> _Data block_:

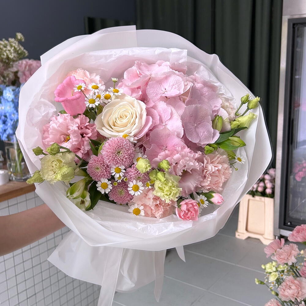 Hydrangea - 1 szt. Alstroemeria - 2 szt. Lisianthus - 2 szt. rose - 1 szt. santini - 1 szt. carnation - 4 szt. camomile - 1 szt. campanula - 1 szt.
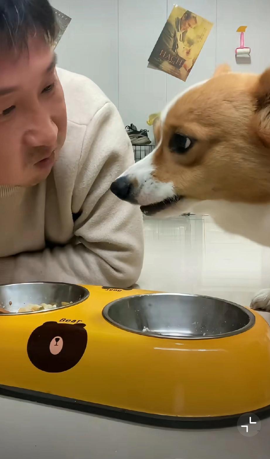 狗狗正低头吃饭,主人直接拿筷子从狗碗里夹出食物,塞进自己嘴里,毫无顾忌!
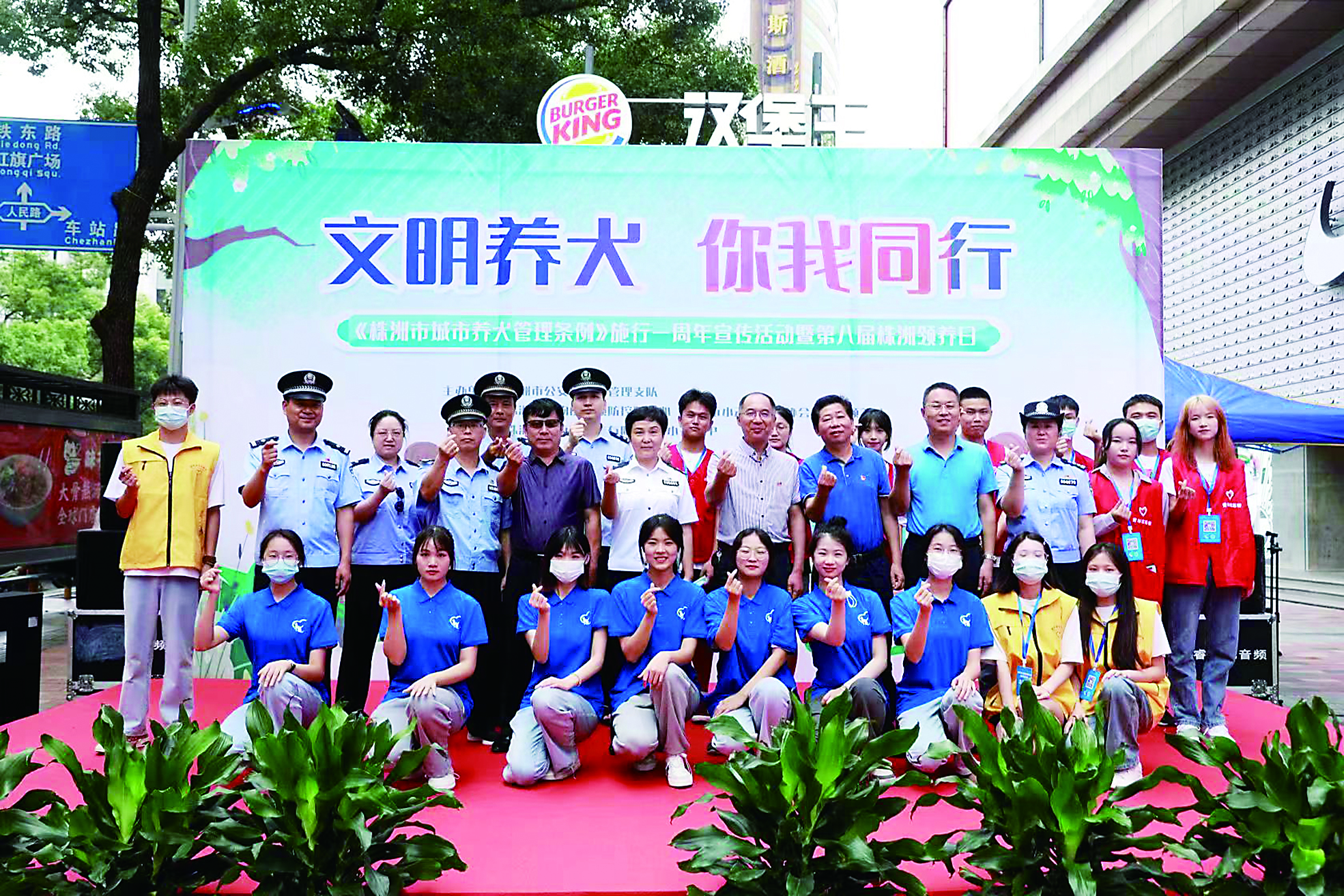 ▲6月11日,市公安局联合市农业农村局,在芦淞区王府井广场举行“《株洲市城市养犬管理条例》实施一周年暨第八届株洲领养日”大型宣传活动,营造文明、有序、安全养犬的良好氛围。民警提醒各位爱犬人士,牢记“养犬要办证,免疫必先行,外出应牵绳,犬便及时清,犬吠不扰民”。图为市公安局、市农业农村局相关工作人员及市小动物保护协会志愿者、宠物医院工作人员等在活动现场比心,宣传文明养犬。 通讯员 供图

> _Task statement_:
Pictures aside, the material must be written out word for word.

> _Exercise solution_:
 Hydrangea - 1 szt. Alstroemeria - 2 szt. Lisianthus - 2 szt. rose - 1 szt. santini - 1 szt. carnation - 4 szt. camomile - 1 szt. campanula - 1 szt.
 狗狗正低头吃饭,主人直接拿筷子从狗碗里夹出食物,塞进自己嘴里,毫无顾忌!
 ▲6月11日,市公安局联合市农业农村局,在芦淞区王府井广场举行“《株洲市城市养犬管理条例》实施一周年暨第八届株洲领养日”大型宣传活动,营造文明、有序、安全养犬的良好氛围。民警提醒各位爱犬人士,牢记“养犬要办证,免疫必先行,外出应牵绳,犬便及时清,犬吠不扰民”。图为市公安局、市农业农村局相关工作人员及市小动物保护协会志愿者、宠物医院工作人员等在活动现场比心,宣传文明养犬。 通讯员 供图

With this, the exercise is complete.